- _Brief_: Could you copy exactly the lines below, beginning at the line with "Minetom Solar Meteor" and stopping after the line with "मुख्यमंत्री सिद्धरामय्या, उपमुख्यमंत्री", with no pictures?

- _Dataset extract_:

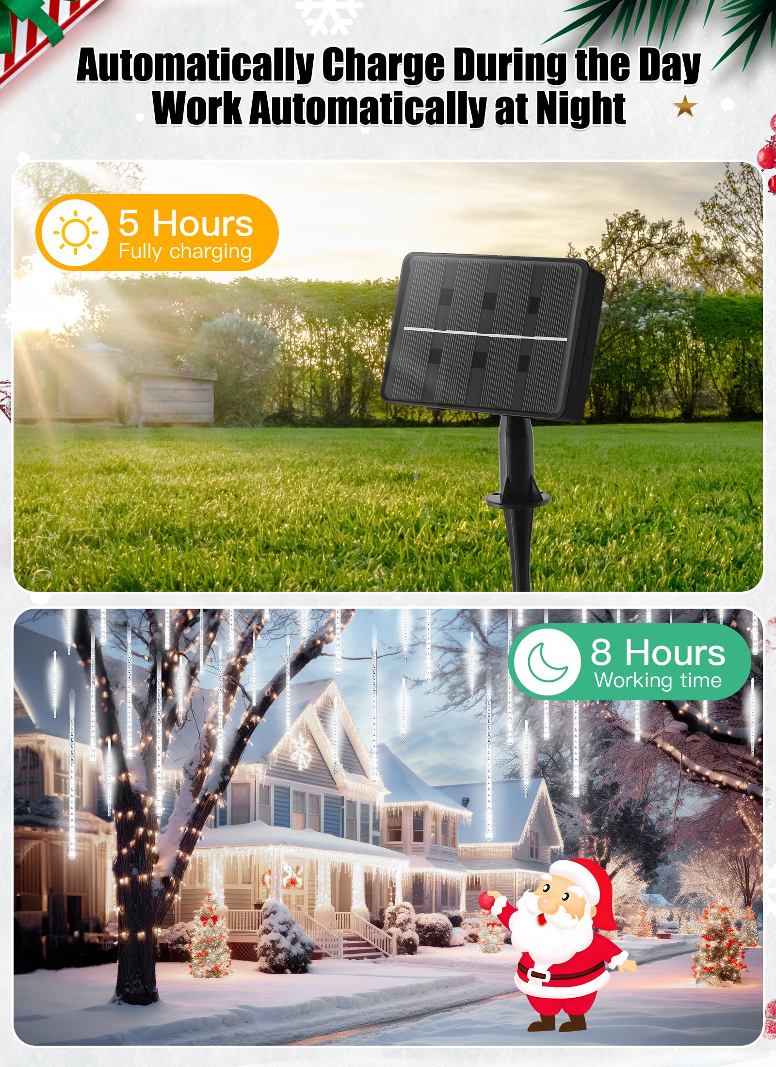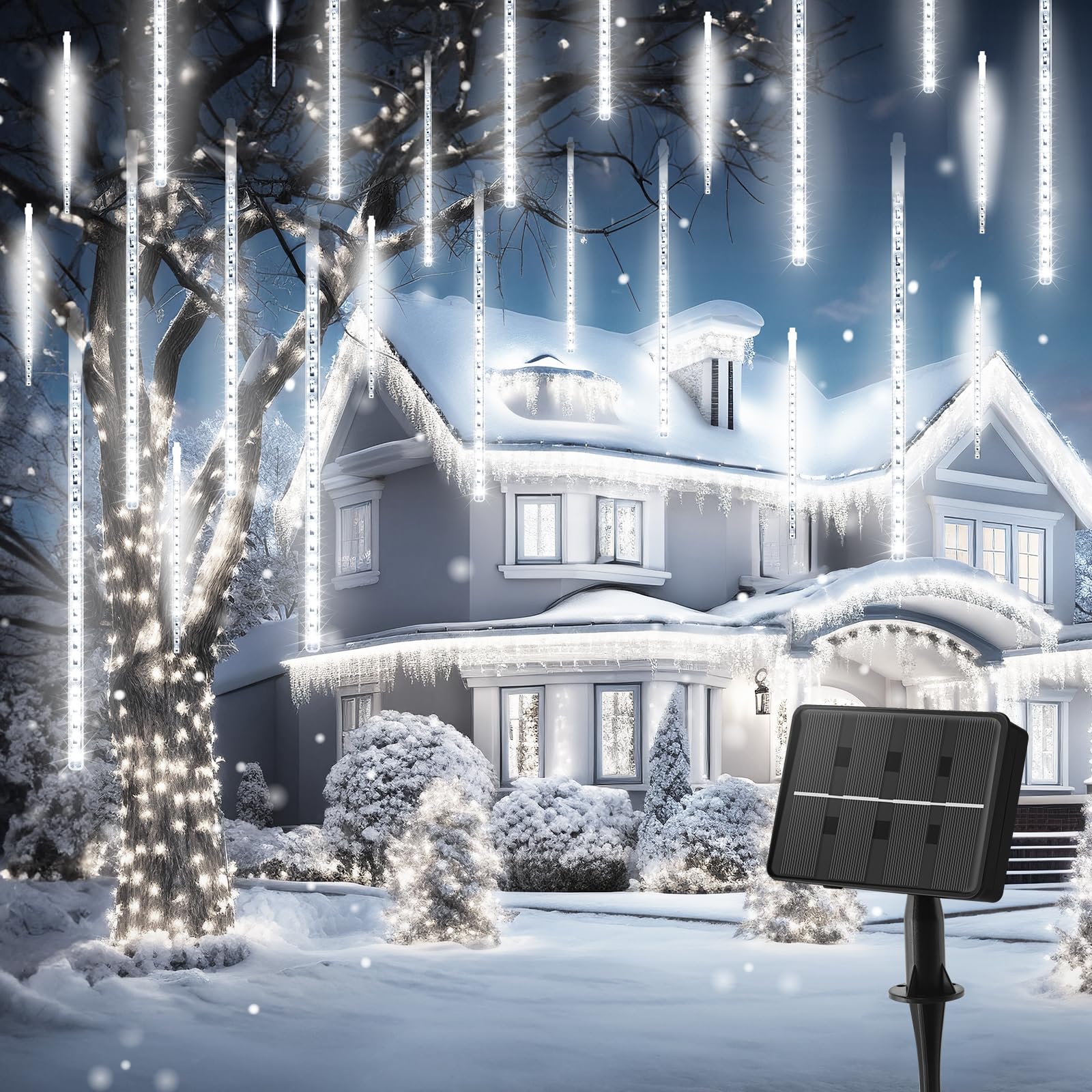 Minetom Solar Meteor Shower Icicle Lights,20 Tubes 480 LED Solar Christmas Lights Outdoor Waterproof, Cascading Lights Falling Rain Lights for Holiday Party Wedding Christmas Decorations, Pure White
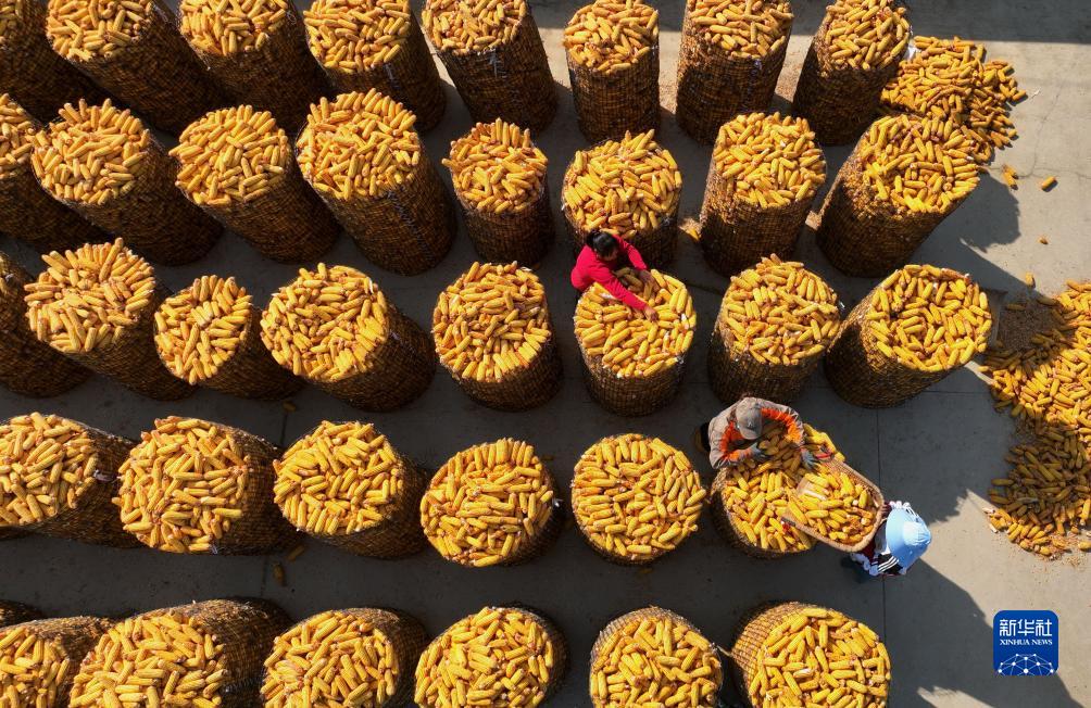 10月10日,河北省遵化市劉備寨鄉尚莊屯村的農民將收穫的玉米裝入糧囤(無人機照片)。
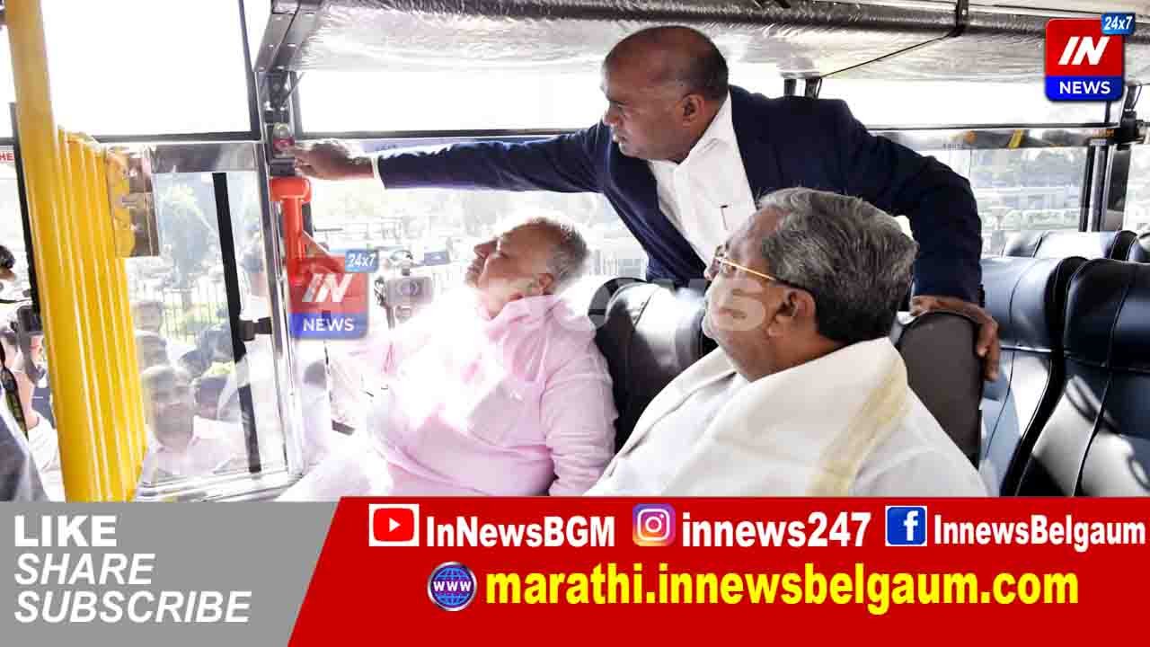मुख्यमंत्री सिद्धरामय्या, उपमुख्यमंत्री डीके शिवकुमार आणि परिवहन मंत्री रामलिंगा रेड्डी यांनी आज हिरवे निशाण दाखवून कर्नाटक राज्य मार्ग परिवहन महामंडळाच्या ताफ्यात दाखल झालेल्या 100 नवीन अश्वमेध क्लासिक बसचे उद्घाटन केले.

==

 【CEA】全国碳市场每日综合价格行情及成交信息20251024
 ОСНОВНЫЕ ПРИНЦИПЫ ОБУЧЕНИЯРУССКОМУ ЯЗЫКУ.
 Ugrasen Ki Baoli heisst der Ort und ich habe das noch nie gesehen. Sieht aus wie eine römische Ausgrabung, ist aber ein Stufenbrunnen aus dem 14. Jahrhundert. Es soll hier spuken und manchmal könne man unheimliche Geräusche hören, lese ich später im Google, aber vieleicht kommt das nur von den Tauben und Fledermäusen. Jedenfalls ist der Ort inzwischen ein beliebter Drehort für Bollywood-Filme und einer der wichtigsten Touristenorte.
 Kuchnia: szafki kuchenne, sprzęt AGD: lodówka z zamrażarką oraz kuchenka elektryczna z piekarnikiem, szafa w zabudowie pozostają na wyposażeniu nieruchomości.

- _Expected output_:
 Minetom Solar Meteor Shower Icicle Lights,20 Tubes 480 LED Solar Christmas Lights Outdoor Waterproof, Cascading Lights Falling Rain Lights for Holiday Party Wedding Christmas Decorations, Pure White
 10月10日,河北省遵化市劉備寨鄉尚莊屯村的農民將收穫的玉米裝入糧囤(無人機照片)。
मुख्यमंत्री सिद्धरामय्या, उपमुख्यमंत्री डीके शिवकुमार आणि परिवहन मंत्री रामलिंगा रेड्डी यांनी आज हिरवे निशाण दाखवून कर्नाटक राज्य मार्ग परिवहन महामंडळाच्या ताफ्यात दाखल झालेल्या 100 नवीन अश्वमेध क्लासिक बसचे उद्घाटन केले.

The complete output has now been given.